- _ASSIGNMENT_:
Below is a listing with pictures in it; transcribe exactly the lines from the one that has "サーキュレーター 2連 車載扇風機 壁 4000mAh 7000mAh 12000mAh" through the one that has "召陵區(qū)翟莊街道燕山路", and omit those pictures.

- _DATASET_:
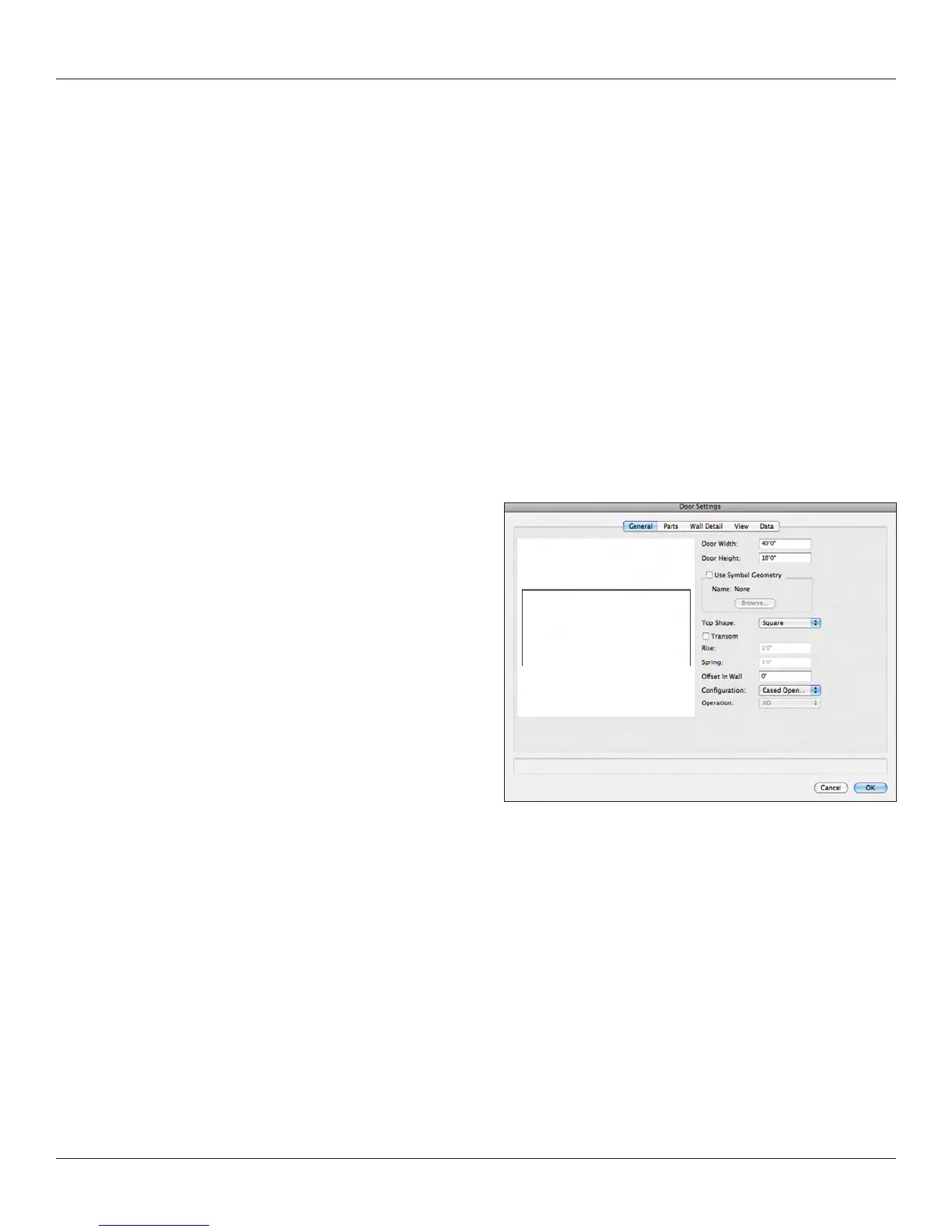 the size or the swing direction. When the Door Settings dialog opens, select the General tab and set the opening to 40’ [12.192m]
--
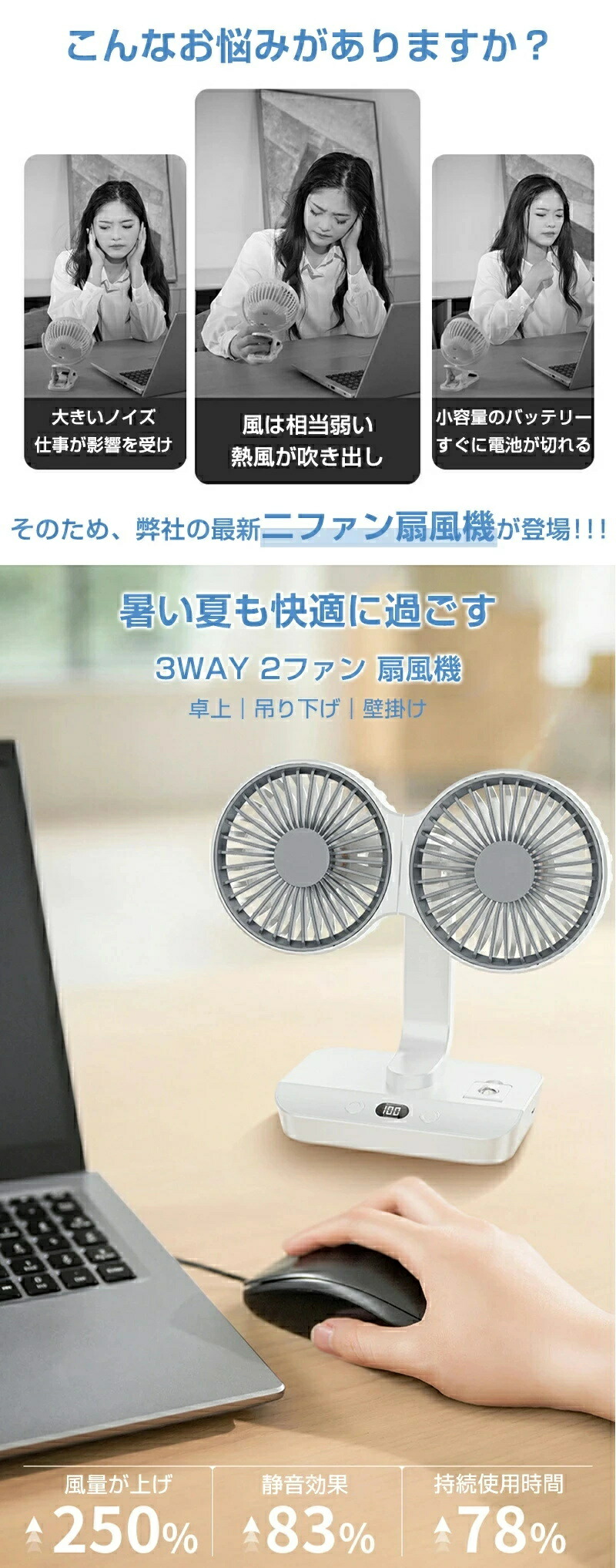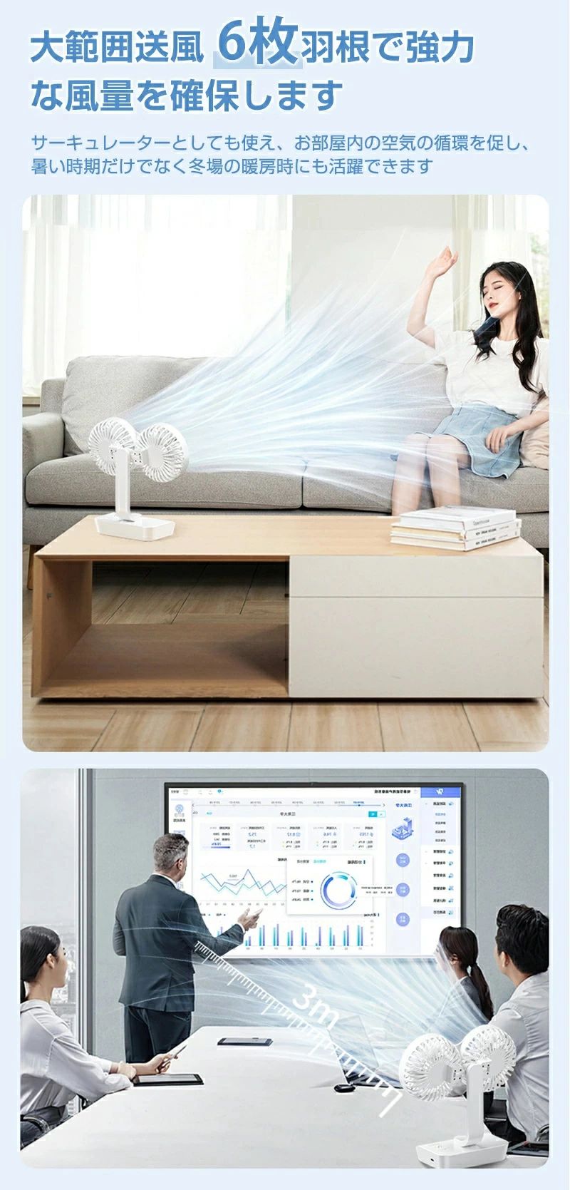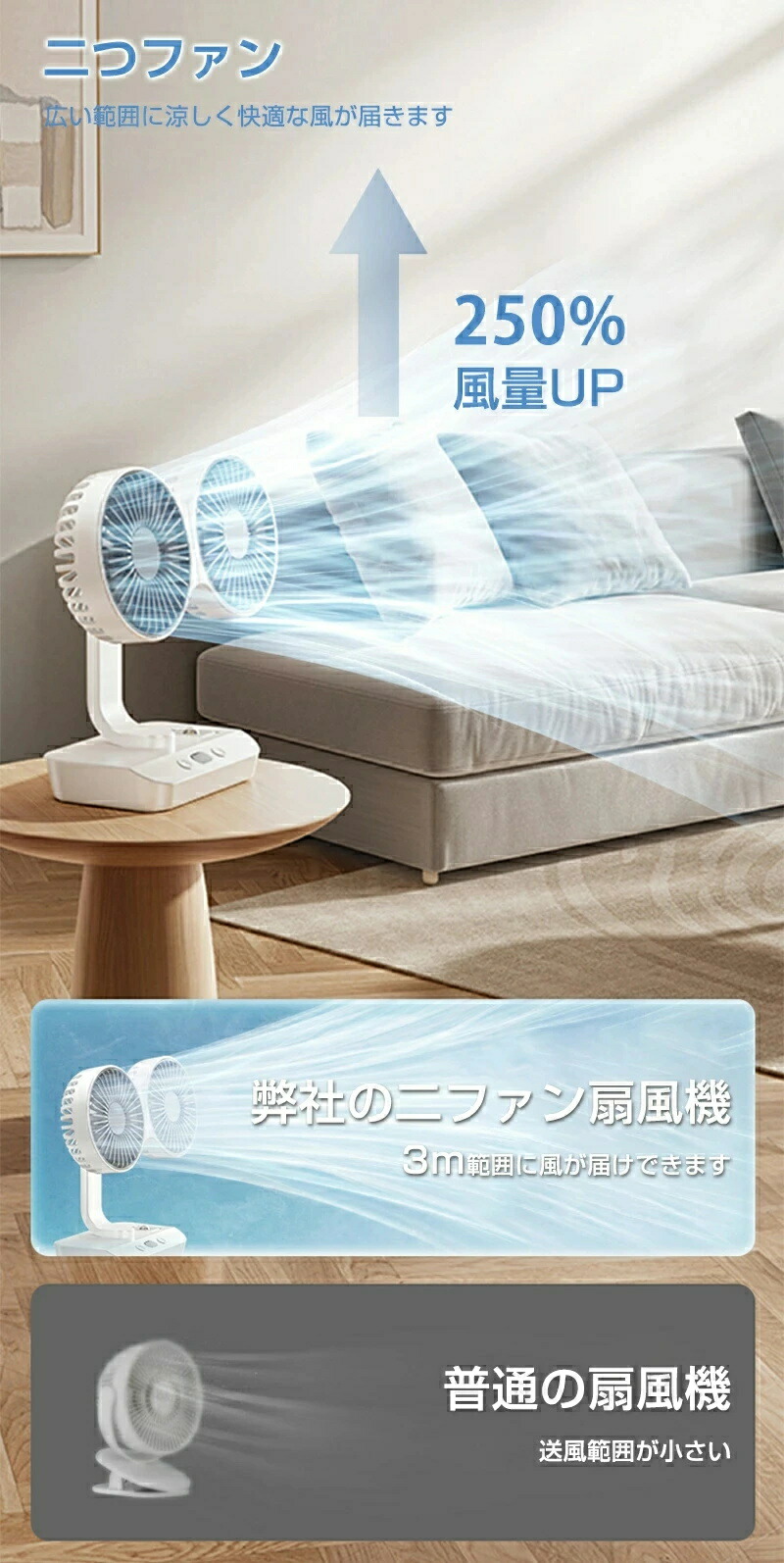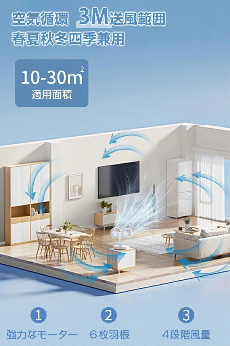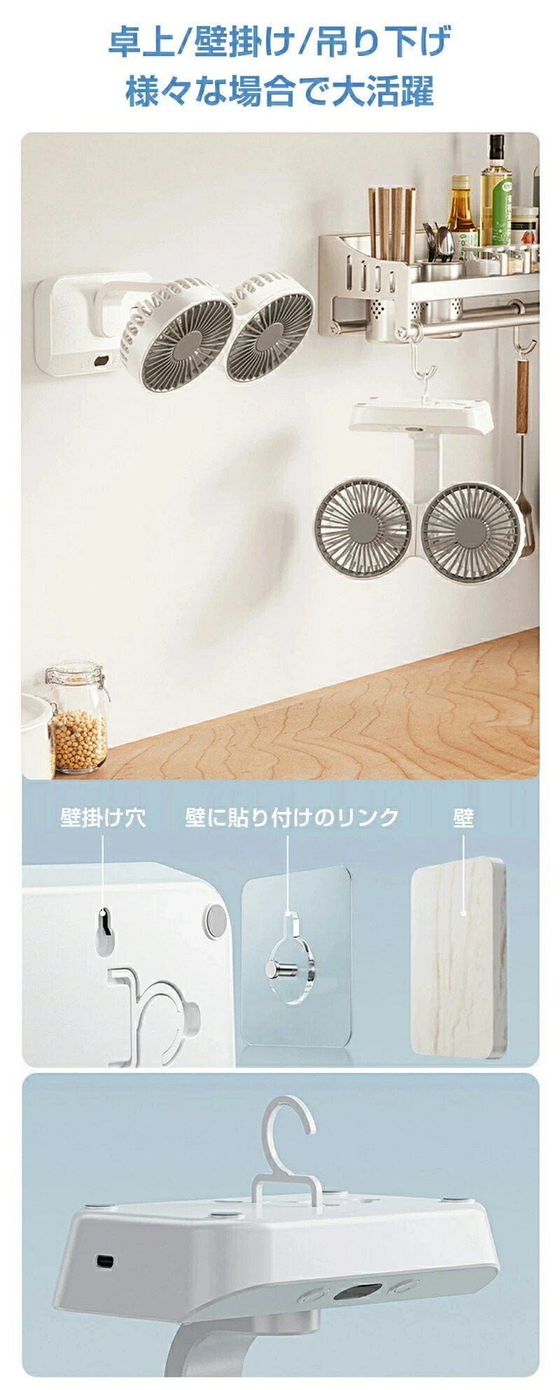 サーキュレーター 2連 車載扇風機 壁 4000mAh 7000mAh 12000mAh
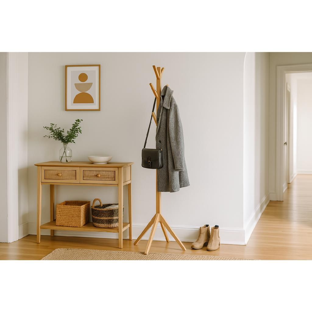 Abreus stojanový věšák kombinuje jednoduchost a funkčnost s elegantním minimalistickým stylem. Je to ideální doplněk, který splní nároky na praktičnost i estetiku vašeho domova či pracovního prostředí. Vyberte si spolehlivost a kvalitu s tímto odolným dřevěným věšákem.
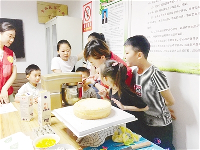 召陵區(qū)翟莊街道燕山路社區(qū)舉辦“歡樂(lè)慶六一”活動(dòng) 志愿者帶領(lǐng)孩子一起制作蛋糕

- _ANSWER SECTION_:
 サーキュレーター 2連 車載扇風機 壁 4000mAh 7000mAh 12000mAh
 Abreus stojanový věšák kombinuje jednoduchost a funkčnost s elegantním minimalistickým stylem. Je to ideální doplněk, který splní nároky na praktičnost i estetiku vašeho domova či pracovního prostředí. Vyberte si spolehlivost a kvalitu s tímto odolným dřevěným věšákem.
 召陵區(qū)翟莊街道燕山路社區(qū)舉辦“歡樂(lè)慶六一”活動(dòng) 志愿者帶領(lǐng)孩子一起制作蛋糕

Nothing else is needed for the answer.